What do authors David Nicholls, Marian Keyes, Matt Haig, Malorie Blackman and Adam Kay have in common? They are among the three hundred authors who’ve come together to help local bookshops during lockdown. Make that three-hundred and one. I’ve joined in.
Indie bookshops, like all bricks-and-mortar retailers, are having a hard time of it during Lockdown 2.0. The #SignForOurBookshops campaign aims to give them a helping hand. The idea, thought up by novelist Holly Bourne, is that readers who buy books from indie bookshops are rewarded with a signed bookplate from the author. Neat, eh?
If you buy a copy of Note to Boy from your local indie and contact me via Twitter or this website with proof of purchase and your address, a signed SFOB bookplate – designed by the the former children’s laureate, Chris Riddell – will be on its way to you. •••
I don’t expect to be sending out as many as the best-selling authors who are generously participating, but at least I can do my modest bit to keep local bookshops open and say ‘thank you’ to them for being so supportive of Note to Boy.
As Holly Bourne says, ‘SignForOurBookshops aims to entice locked-down customers away from the lure of a certain online retailer, by providing them with exclusive access to signed books, sold only through bookshops.
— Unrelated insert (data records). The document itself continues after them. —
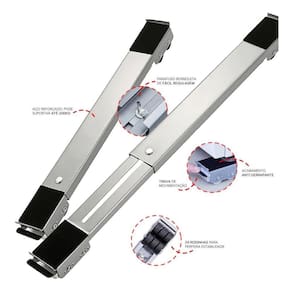 Esse suporte é ajustável e possui travas, o que permite que ele seja utilizado em diferentes tamanhos de eletrodomésticos, como fogões, geladeiras e máquinas de lavar. Sua profundidade e largura podem ser ajustadas de 40cm até 69cm, proporcionando maior versatilidade.
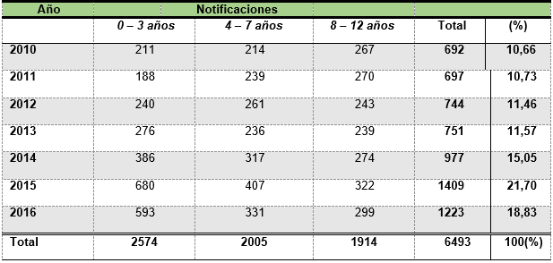 Se registraron 6.493 notificaciones de violencia contra niños de 0 a 12 años incompletos: 10,66% en el año 2010; 10,73% en 2011; 11,46% en 2012; 11,57% en 2013; 15,05% en 2014; 21,70% en 2015 y 18,83% en 2016 (Tabla 1).
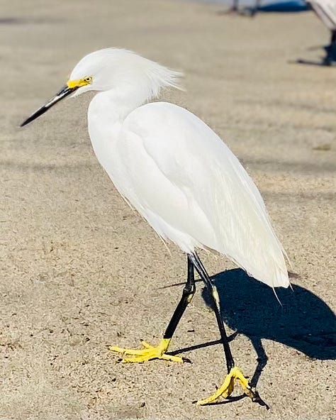 Some of the pelicans are surprisingly social, wandering quite close and tilting their heads as though curious about the humans wandering through their morning world, and a few of them have even posed obligingly when I lift my phone to take a photograph.
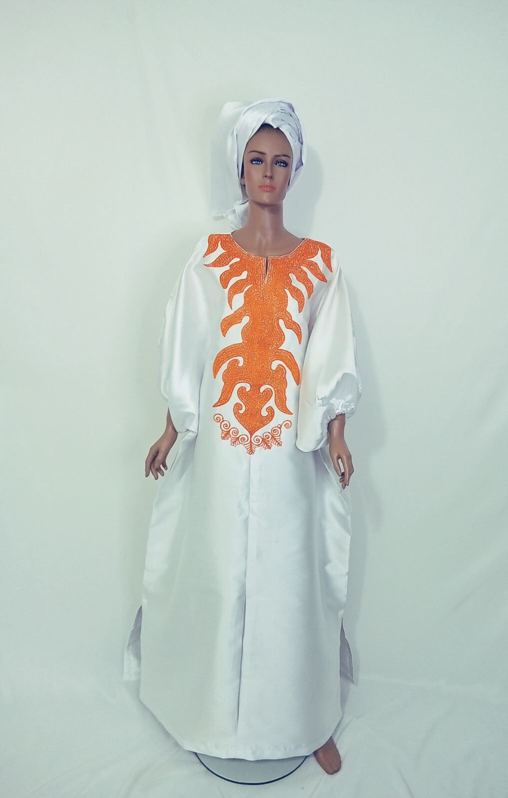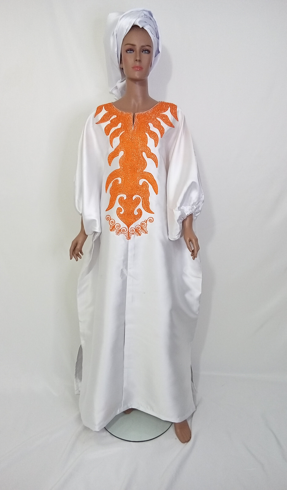 HD Embroidery White/Orange Dress Bold African Boubou Kaftan Dress Party Gown.

It also hopes to be a thunderclap of support for bookshops, reminding people to support their local stores throughout lockdown.’
This campaign comes on the heels of the launch of another initiative, Bookshop.org, which is pitching itself as a socially conscious alternative to Amazon. Could it be that the book market is changing?
*** UK only, sorry. Campaign ends with the lockdown (fingers crossed!) on 2 December.